Alternative pharmaceutical dosage forms may comprise liquid or semi-solid formulations, such as liquid suspension and/or gel compositions which may comprise compositions of the invention (e.g. particles thereof), suspended or dissolved in a suitable liquid or Among semisolid carriers, the carrier can be loaded into a suitable dosage form or delivered by, for example, injection or infusion or can be formed after injection (eg, subcutaneously or intramuscularly) to form an implant or a depot formulation.

In the alternative, the compositions of the invention may be presented as part of a substantially solid pharmaceutical dosage form. Those skilled in the art will well understand that the term "solid" includes solids that retain their shape and density when unconfined, and/or in which molecules are usually compressed as tightly as repulsive forces between them will allow. any form of substance. Thus, a substantially solid formulation is at least about 80%, such as at least about 90%, including at least about 95% (or at least about 99%) formulations in such form.

In this regard, the compositions of the present invention may be provided in any multiparticulate form (e.g., in the form of simple powders, granules, pellets and/or beads), including a plurality of which may individually and/or collectively consist substantially of one or more compositions of the invention and/or particles comprising one or more compositions of the invention.
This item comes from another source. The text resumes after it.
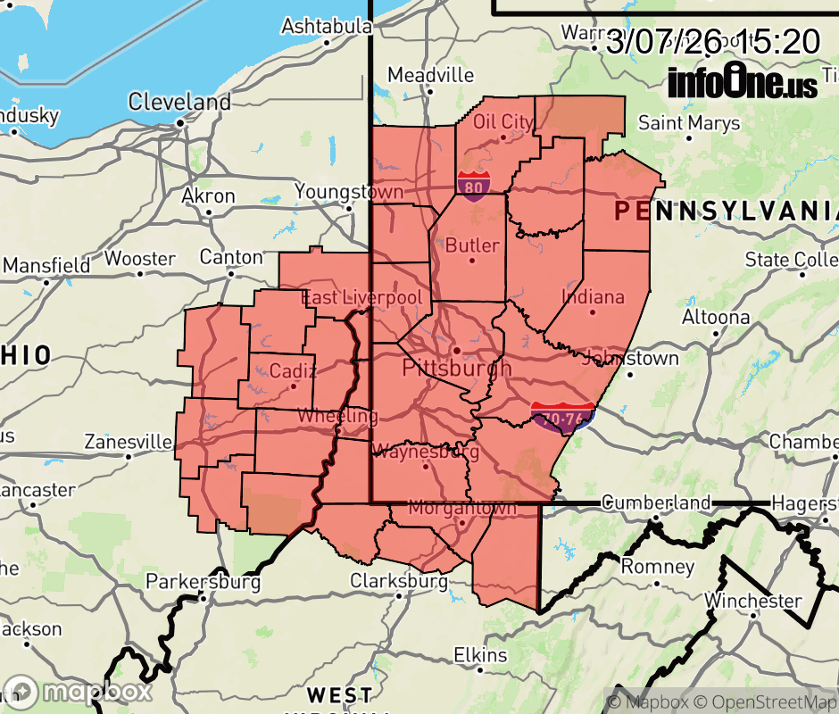 Canceled 3/7/26 3:45 PM Tornado Watch issued March 7 at 3:19PM EST until March 7 at 8:00PM EST by NWS Pittsburgh PA TORNADO WATCH 25 REMAINS VALID UNTIL 8 PM EST THIS EVENING FOR THE FOLLOWING AREAS IN OHIO THIS WATCH INCLUDES 9 COUNTIES IN EAST CENTRAL OHIO BELMONT CARROLL COLUMBIANA GUERNSEY HARRISON JEFFERSON OH MONROE NOBLE TUSCARAWAS IN PENNSYLVANIA THIS WATCH INCLUDES 15 COUNTIES IN NORTHWEST PENNSYLVANIA FOREST MERCER VENANGO IN SOUTHWEST PENNSYLVANIA ALLEGHENY FAYETTE GREENE WASHINGTON WESTMORELAND IN WEST CENTRAL PENNSYLVANIA ARMSTRONG BUTLER CLARION INDIANA JEFFERSON PA IN WESTERN PENNSYLVANIA BEAVER LAWRENCE IN WEST VIRGINIA THIS WATCH INCLUDES 8 COUNTIES IN NORTHEAST WEST VIRGINIA PRESTON IN NORTHERN WEST VIRGINIA MARION MONONGALIA WETZEL IN THE NORTHERN PANHANDLE OF WEST VIRGINIA BROOKE HANCOCK MARSHALL OHIO THIS INCLUDES THE CITIES OF ALIQUIPPA, AMBRIDGE, BEAVER FALLS, BROOKVILLE, BUTLER, CADIZ, CALDWELL, CAMBRIDGE, CANONSBURG, CARROLLTON, CLARION, COLUMBIANA, CONNELLSVILLE, DOVER, EAST LIVERPOOL, ELLWOOD CITY, FAIRMONT, FOLLANSBEE, FORD CITY, FRANKLIN, GREENSBURG, GROVE CITY, HERMITAGE, INDIANA, KINGWOOD, KITTANNING, LATROBE, MARTINS FERRY, MASONTOWN, MONACA, MORGANTOWN, MOUNDSVILLE, MURRYSVILLE, NEW CASTLE, NEW KENSINGTON, NEW MARTINSVILLE, NEW PHILADELPHIA, OIL CITY, PITTSBURGH METRO AREA, PUNXSUTAWNEY, SALEM, SHARON, ST. CLAIRSVILLE, STEUBENVILLE, TERRA ALTA, TIONESTA, UNIONTOWN, WASHINGTON, WAYNESBURG, WEIRTON, WELLSBURG, WHEELING, AND WOODSFIELD. ![]() |

Thus, the compositions of the invention may, after their preparation (for example by spray drying), be in the form of individual powder mixtures, powder microspheres, coated powder microspheres, lyophilized lipid dispersions, or combinations thereof.

If a pharmaceutically acceptable dosage form of the invention "consists essentially of particles of one or more compositions of the invention", this will be understood to mean that the dosage form comprises only one or more compositions of the invention, and essentially Other characteristics and/or components that do not affect the basic and novel characteristics of the dosage form. Alternatively, where a dosage form of the invention "consists essentially of one or more compositions of the invention", this will be understood to mean that the dosage form comprises in total at least about 90% by weight, such as at least about 95% by weight, including at least About 97% by weight, such as about 99% by weight, of one or more compositions of the present invention.

In the alternative, a pharmaceutical dosage form comprising one or more compositions of the invention may be presented in a single unit dosage form, such as a pessary, suppository or another form of insert, pill, capsule, cake, patch (e.g. buccal patch), film (eg, intraoral), or lozenge (eg, sublingual lozenge).

Capsules may be prepared by directly loading a composition of the invention in the form of a spray-dried powder into a pharmaceutically acceptable capsule manufactured from suitable materials designed for sublingual or preferably oral delivery, Or by mixing the composition and excipients prior to loading into such capsules, which may involve a granulation step as described below prior to loading into capsules for such delivery. Oral delivery can be used when the active ingredient is, for example, an enzyme.

In this regard, the compositions of the invention are granulated into pellets or pellets, but they may also be formulated (ie, provided for administration) in dry, free-flowing powder form. "Dry" includes substantially free of water and other liquid solvents, including less than about 10%, such as less than about 6%, including less than about 5%, or less than about 4%, more preferably less than about 3%, such as less than about 2%, eg less than about 1%, of the formulation is a liquid, such as water.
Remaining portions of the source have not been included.